There is currently a spectrum of belief regarding origins, ...
4. Gap Theorists (a form of Old Earth Creationism) - Believe that the earth and universe were created at the time science says, but that God created Man and all the animals at the "young earth" time frame. Some believe this is a "recreation", God having scrapped an earlier version (dinosaurs, etc).
I'd like to add a variant of Gap Theory. It would have an old universe (the universe was created at the time science says), and an old creation of the earth (the matter of our planet could be billions of years old). And then a special creation by God, in 7 literal days, that occurred many millions of years in the past, terraforming a planet that was "formless and void". Mankind lived on the earth for a long time BEFORE Adam and Eve sinned. Adam's age was counted starting from the time he became mortal. All the other sinless people living on the earth at the time Adam and Eve sinned were taken away, similar to when Enoch was taken away.

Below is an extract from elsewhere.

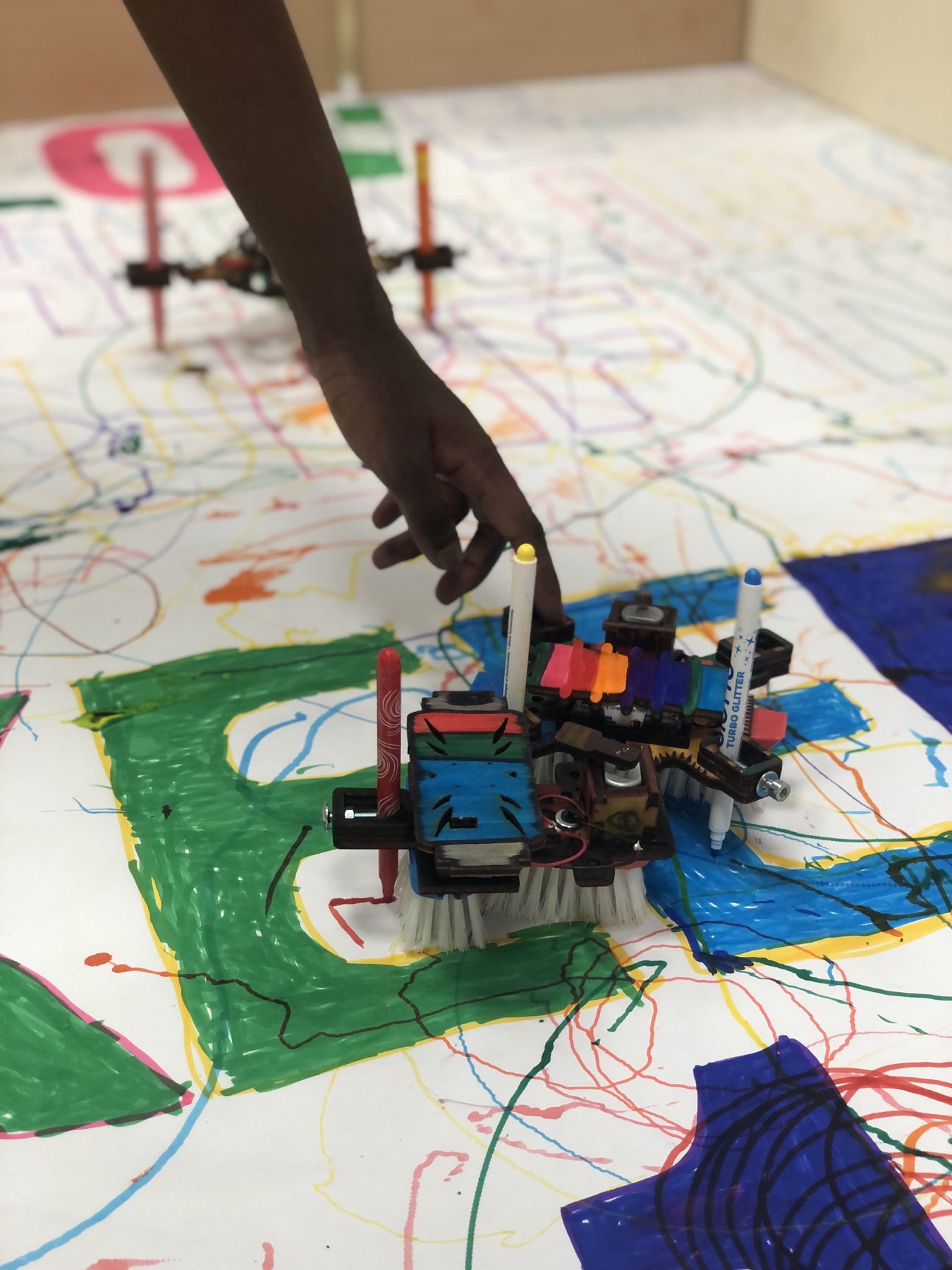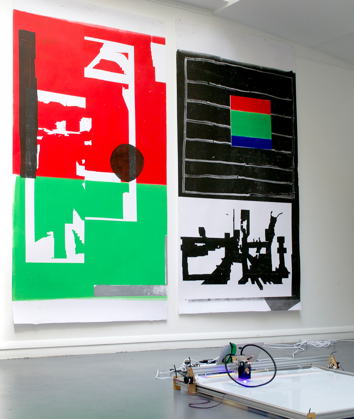 Thomas Guillemet a proposé aux élèves du collège Jules Michelet (Saint-Ouen – 93) d’explorer la Communauté des internets grâce à leur propre appartenance à cette nouvelle génération. Trois temporalités et actions se sont articulées au long du projet : un temps de recherche pour rassembler et collecter les archives des différentes mutations dans les comportements et langages, provoquées par les dernières technologies et notamment les « gestes de déconcentration » ; un second temps pour créer un nouveau médium technologique avec la conception d’une « drawing machine », robotisée qui imite le dessin humain et sa gestuelle ; un dernier temps autour de la création de masques tribaux, déjouant les grilles de reconnaissance faciale en des motifs tribaux.

The "Adam" that was first created by God could be a title, something like "First Man". God made First Man, and he was fruitful and multiplied with "First Woman" and all his descendants inhabited the earth. At some time later, "Adam" sinned. This could be the same person, or perhaps it was another "First Man" -- i.e. the Adam/father of the entire sinful race that followed. So when Adam died at the age of "930", this was 930 yrs after he sinned, not 930 years after the earth was created. OR, it could be that the Adam/First Man that sinned was born millions of years after creation, and was still young when he sinned.
I think this theory is better than Gap Theory because it allows for fossils of fish etc to be millions of years old. I guess in the description of Gap Theory there was mention of our current world being a "Version 2", and all the fossils are from "Version 1". But that seems even more of a stretch.
The downside of this view would be to allow for things to die prior to the sinning of Adam & Eve. I.e. it is dead fish that we find as fossils with old ages. Paul talks about death being introduced through Adam. But perhaps it was only humans that did not die. Even a pre-sin Adam, if his body worked like ours does, would have had skin cells sloughing off and "dying." We wouldn't really count that as death. And thus perhaps a cycle of life, birth, death, and natural selection was a normal part of God's perfect creation, for animals -- and also not considered as death.
I have never heard of anyone else mention such a theory. Has anyone heard of this before? And what do you think of my theory? Is it compatible with Christian Biblical thinking?